I love the way she talks about Natalie as if my baby understands concepts like snacks or hunger. With the G-tube, she doesn’t even have to be awake to get fed. In fact, most of the time she’s dead to the world.
“She gets a feeding at night, but that’s just because it’s the schedule she’s on.”
Dr. Bell nods. I wish I could have her over to my house. I have the feeling that if she saw Natalie there, she’d be even more understanding. More sympathetic. I want to sit with her in my living room over coffee. Talk about our jerky ex-boyfriends or what med school was like. I don’t even know if doctors still have to practice on corpses or not. There’s no way I can picture her covered in sweat and grime and dissecting some dead stiff.
Dr. Bell’s writing on the chart. “Let’s try this. Let’s stick with six feedings a day, but let’s do them every three hours starting first thing in the morning.

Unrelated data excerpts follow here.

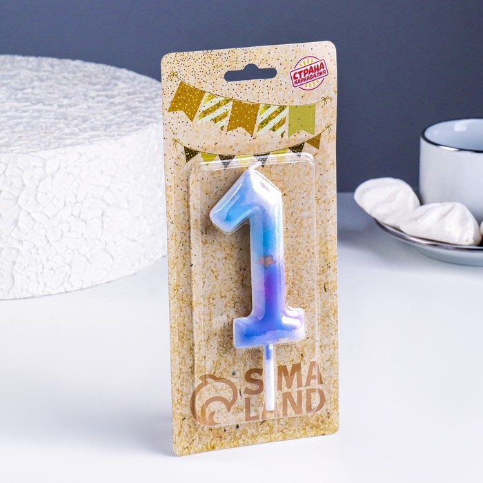 Свеча в торт на шпажке "Галактика", цифра 1, 9 см, ГИГАНТ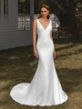 Sheath V-neck Appliques Lace Chapel Train Lace Wedding Dress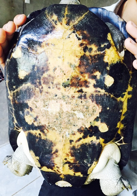 Theo bà Thu, xung quanh khu vực nhà bà chủ yếu là ao nuôi tôm nước mặn nên bà không biết con rùa từ đâu bò đến. Bà Thu cho biết, từ trước đến giờ bà chưa từng thấy con rùa nào to đến thế.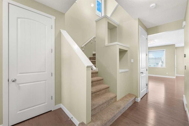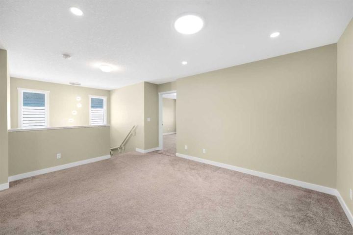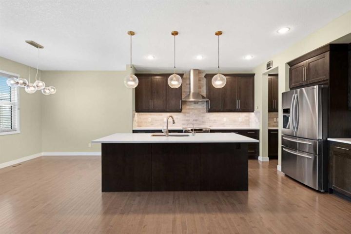 **OPEN HOUSE this SAT, Oct 18th at 2-4PM** Nestled in a family-friendly neighbourhood with a brand-new Catholic school underway, this beautifully upgraded walkout home backs onto a scenic walking path and offers over 2,500 sq.ft. of comfortable living space across three levels — perfect for growing families who value both style and function. Step inside the main level where 9 ft ceilings and gleaming hardwood flooring set an elegant tone. A quiet Den near the entrance makes a great home office or hobby space. The East-facing open concept layout creates a natural gathering hub with a sunlit Living Room featuring a large window and cozy gas fireplace framed by a stone wall and mantle. The well-appointed Kitchen is a chef’s dream — complete with a central island with eating bar, quartz countertops, stainless steel appliances, soft-close cabinetry, a butler’s counter, and a large walk-through pantry that connects directly to the Mudroom for everyday convenience. The upper level features a spacious centre Bonus Room with a solar tube skylight — the ideal space to unwind or enjoy family movie nights. The Primary Bedroom enjoys elevated views from the higher ground and features a large walk-in closet and a 4-piece ensuite with extended counter space for a makeup vanity, a soaker tub, and a standing shower with built-in seat. Two additional well-sized Bedrooms — each with walk-in closets — are served by a 4-piece Bathroom. A thoughtfully designed Laundry Room with closet organizers completes this level. The fully finished walkout basement adds valuable living space, featuring a generous Rec Room, a 4th Bedroom, and a 3-piece Bath — perfect for guests, teens, or multigenerational living. Step outside to enjoy a fully fenced, beautifully landscaped backyard framed with mature trees. Walk out directly from the Rec Room to the patio and enjoy seamless access to the walking path through the back gate — a rare and peaceful backyard setting. Additional mechanical upgrades include an HRV system, sump pump, and sewer backflow valve, as well as a water softener and under-sink water filtration system. Other upgrades include a brand-new roof, new gutters and eaves, triple-pane windows, and insulated OSB subfloor in the basement. Located on a quiet street, this home is just minutes from local shopping Costco, T & T Supermarkets, restaurants, parks, and more — offering the perfect blend of suburban peace and everyday convenience. Best of all, it’s within walking distance to the upcoming brand-new Catholic school. A must-see for those seeking a well-built home with thoughtful updates, desirable layout, and a location set to grow in value with the addition of the upcoming school. **Check out 3D Virtual Tour**

I want you to try it and call me Friday to let me know how she’s handling it. What I’m hoping is it will give you a chance to sleep straight through the night for a change.”
She looks at me with so much compassion that I wouldn’t tell her that my mother-in-law takes care of the night feedings even if I had to testify under oath.

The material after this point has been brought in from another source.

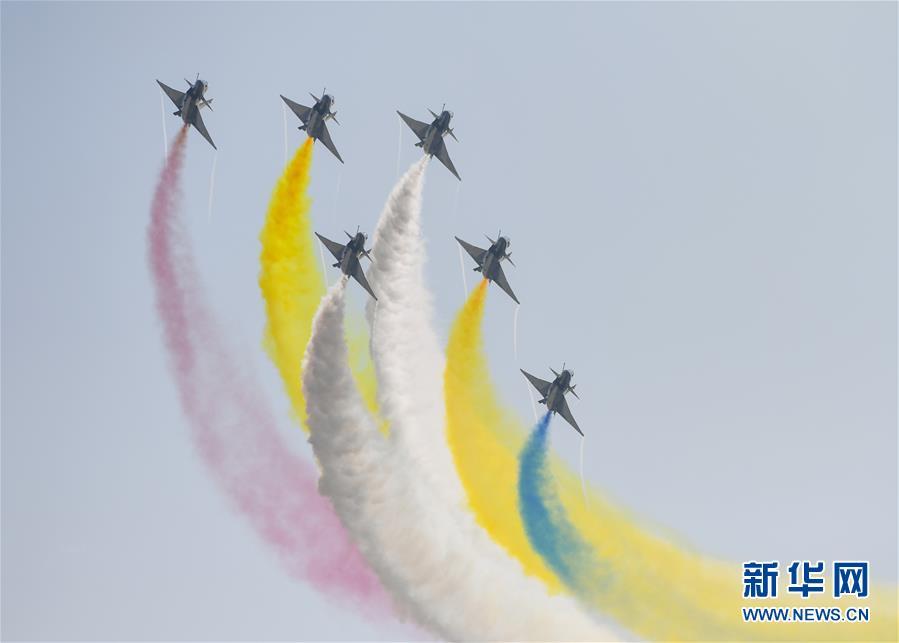11月6日,中國(guó)空軍八一飛行表演隊(duì)在航展現(xiàn)場(chǎng)進(jìn)行飛行表演。當(dāng)日,第十二屆中國(guó)國(guó)際航空航天博覽會(huì)在珠海開(kāi)幕。 新華社記者鄧華攝

“And what about you?” Dr. Bell asks me. “Are you getting the support you need? It’s not easy to ask for help, I know that, but sometimes it’s the best thing you can do for you and your baby.”
Now she sounds like she could write a mommy magazine article in addition to modeling for one. It’s kind of funny in a sad way how she thinks that my biggest problem is not having enough help.
“We’re managing ok.”
“I know it’s a lot of work,” she says with a soft smile, “but it’s really paying off. I don’t know if Barb told you, but she’s gained four ounces since last time she was here. I think increasing the formula’s going to help a lot too. Good job, Mom.”
I’m pretty used to medical professionals calling me mom by this point. That’s basically all I went by with the nurses in the NICU. But part of me’s afraid I’m about to say something really cheesy like Call me Tiff. It’s what my friends do. Thankfully, Dr. Bell turns those kind eyes away and writes something on her clipboard.
“Just hang in there. This new schedule will hopefully get you some of that rest you need. And don’t forget, it’s perfectly fine to take a nap. I know some parents in your situation get nervous about that, but that’s why we got you the apnea monitor.”
I meet her smile this time and decide then and there that I’m not going to bring up the DNR today. Dr. Bell thinks I’m doing a good job. I’m not about to burst her bubble.